- **EXERCISE MATERIAL**

==*==

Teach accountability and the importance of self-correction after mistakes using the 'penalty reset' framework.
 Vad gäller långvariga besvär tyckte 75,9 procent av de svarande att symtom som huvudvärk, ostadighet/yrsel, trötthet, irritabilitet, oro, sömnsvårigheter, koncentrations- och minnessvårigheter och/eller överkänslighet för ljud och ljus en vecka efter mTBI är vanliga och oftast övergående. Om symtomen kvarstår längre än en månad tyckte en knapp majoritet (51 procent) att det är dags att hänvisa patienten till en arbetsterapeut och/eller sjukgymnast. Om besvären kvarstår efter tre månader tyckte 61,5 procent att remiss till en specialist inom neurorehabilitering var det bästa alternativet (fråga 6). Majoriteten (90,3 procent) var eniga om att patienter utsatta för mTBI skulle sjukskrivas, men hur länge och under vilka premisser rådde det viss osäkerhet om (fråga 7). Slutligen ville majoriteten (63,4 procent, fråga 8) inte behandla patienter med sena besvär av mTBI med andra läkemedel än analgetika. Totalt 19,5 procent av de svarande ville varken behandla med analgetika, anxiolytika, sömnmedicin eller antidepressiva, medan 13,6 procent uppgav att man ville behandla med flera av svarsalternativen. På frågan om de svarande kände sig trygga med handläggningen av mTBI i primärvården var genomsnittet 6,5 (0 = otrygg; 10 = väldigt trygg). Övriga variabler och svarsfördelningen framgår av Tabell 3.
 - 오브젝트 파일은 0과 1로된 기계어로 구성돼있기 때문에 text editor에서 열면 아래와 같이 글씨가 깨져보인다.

==*==

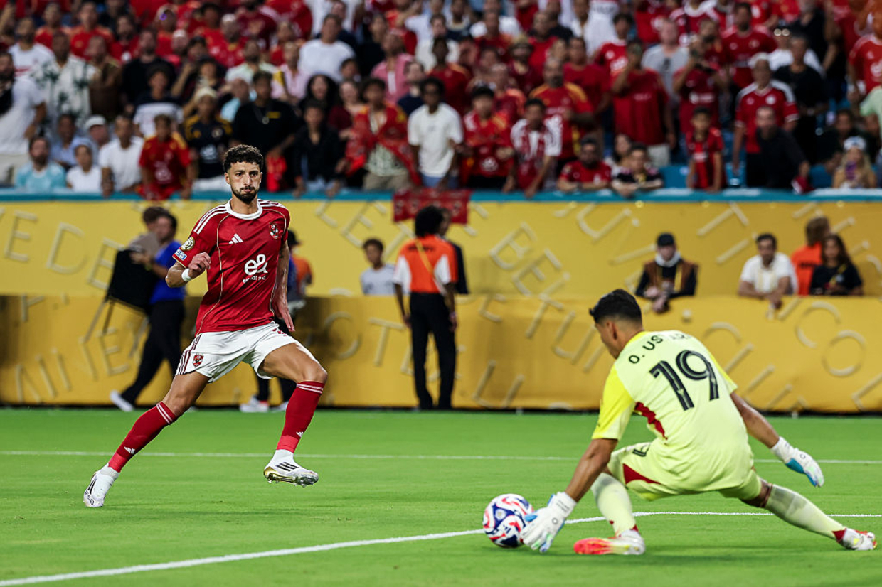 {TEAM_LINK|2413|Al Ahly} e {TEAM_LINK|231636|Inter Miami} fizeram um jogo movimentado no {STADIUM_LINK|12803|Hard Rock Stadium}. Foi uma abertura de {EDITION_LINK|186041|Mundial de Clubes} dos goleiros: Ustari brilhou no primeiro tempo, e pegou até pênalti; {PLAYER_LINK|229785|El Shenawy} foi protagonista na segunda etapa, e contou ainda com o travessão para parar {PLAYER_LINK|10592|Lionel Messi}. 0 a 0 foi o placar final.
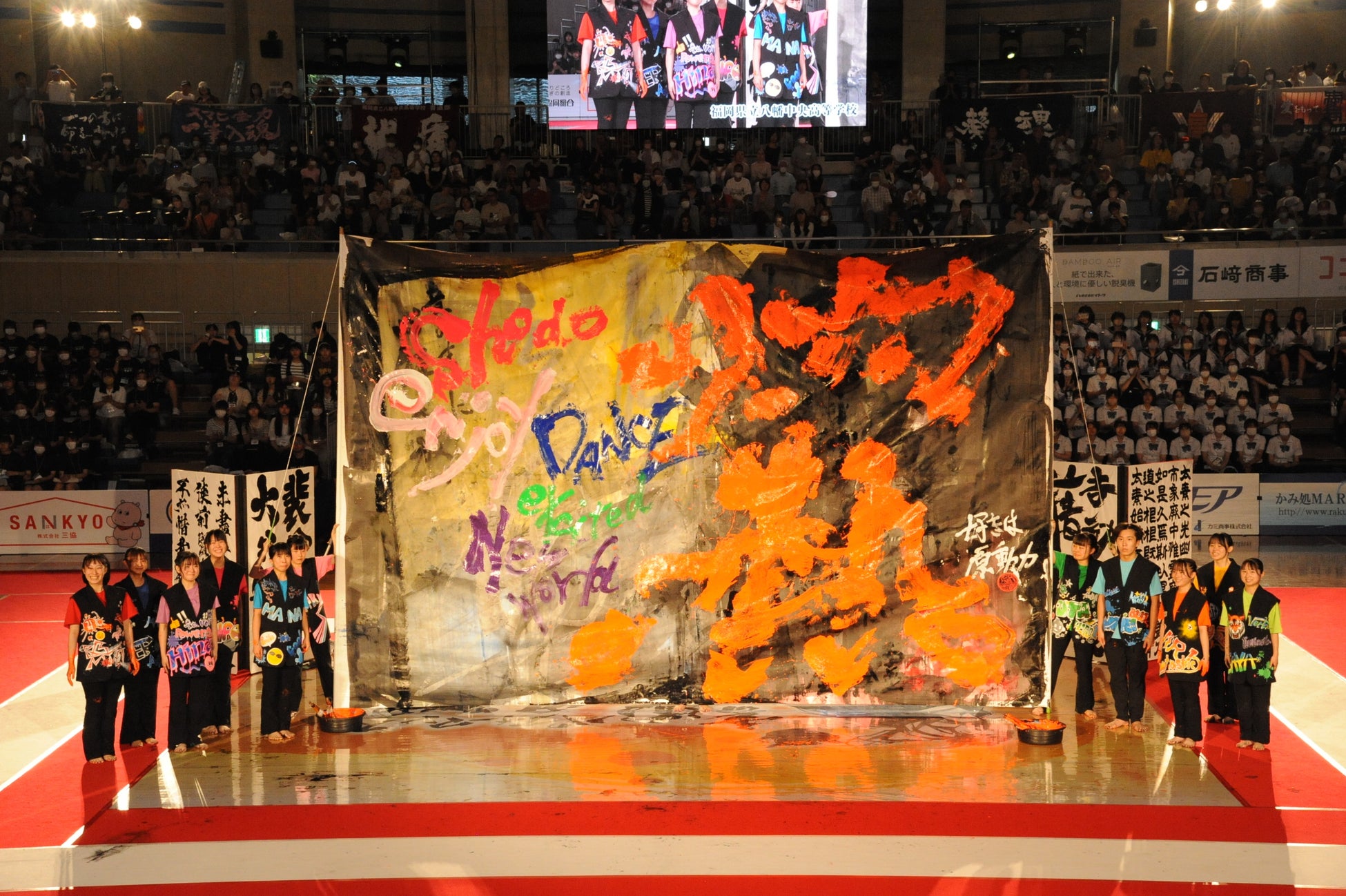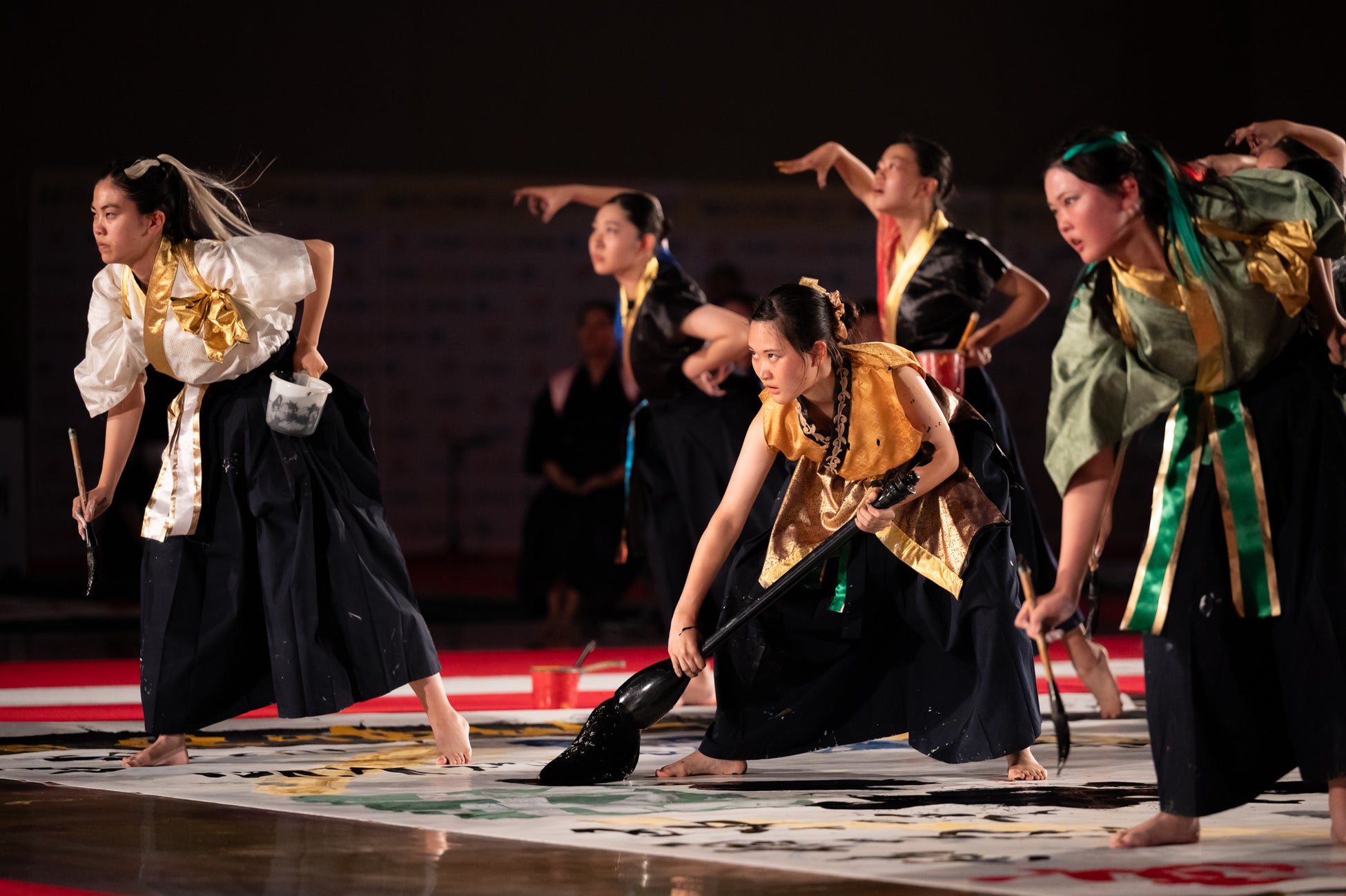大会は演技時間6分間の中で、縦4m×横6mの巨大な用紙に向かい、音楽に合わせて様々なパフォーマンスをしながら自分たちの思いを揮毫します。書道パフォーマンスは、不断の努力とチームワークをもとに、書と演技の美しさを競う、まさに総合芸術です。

==*==

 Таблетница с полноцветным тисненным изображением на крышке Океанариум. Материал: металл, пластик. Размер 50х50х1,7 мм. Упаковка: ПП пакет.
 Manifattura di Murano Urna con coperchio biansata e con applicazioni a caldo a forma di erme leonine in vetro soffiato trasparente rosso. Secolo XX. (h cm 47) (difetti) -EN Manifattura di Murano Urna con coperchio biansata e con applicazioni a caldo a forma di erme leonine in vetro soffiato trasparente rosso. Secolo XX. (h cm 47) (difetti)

==*==

- **EXERCISE**
Using the entries above, give again exactly the lines from the line holding "Teach accountability and" through the line holding "- 오브젝트 파일은 0과". Include both end lines and nothing else.

- **TASK RESPONSE**
Teach accountability and the importance of self-correction after mistakes using the 'penalty reset' framework.
 Vad gäller långvariga besvär tyckte 75,9 procent av de svarande att symtom som huvudvärk, ostadighet/yrsel, trötthet, irritabilitet, oro, sömnsvårigheter, koncentrations- och minnessvårigheter och/eller överkänslighet för ljud och ljus en vecka efter mTBI är vanliga och oftast övergående. Om symtomen kvarstår längre än en månad tyckte en knapp majoritet (51 procent) att det är dags att hänvisa patienten till en arbetsterapeut och/eller sjukgymnast. Om besvären kvarstår efter tre månader tyckte 61,5 procent att remiss till en specialist inom neurorehabilitering var det bästa alternativet (fråga 6). Majoriteten (90,3 procent) var eniga om att patienter utsatta för mTBI skulle sjukskrivas, men hur länge och under vilka premisser rådde det viss osäkerhet om (fråga 7). Slutligen ville majoriteten (63,4 procent, fråga 8) inte behandla patienter med sena besvär av mTBI med andra läkemedel än analgetika. Totalt 19,5 procent av de svarande ville varken behandla med analgetika, anxiolytika, sömnmedicin eller antidepressiva, medan 13,6 procent uppgav att man ville behandla med flera av svarsalternativen. På frågan om de svarande kände sig trygga med handläggningen av mTBI i primärvården var genomsnittet 6,5 (0 = otrygg; 10 = väldigt trygg). Övriga variabler och svarsfördelningen framgår av Tabell 3.
 - 오브젝트 파일은 0과 1로된 기계어로 구성돼있기 때문에 text editor에서 열면 아래와 같이 글씨가 깨져보인다.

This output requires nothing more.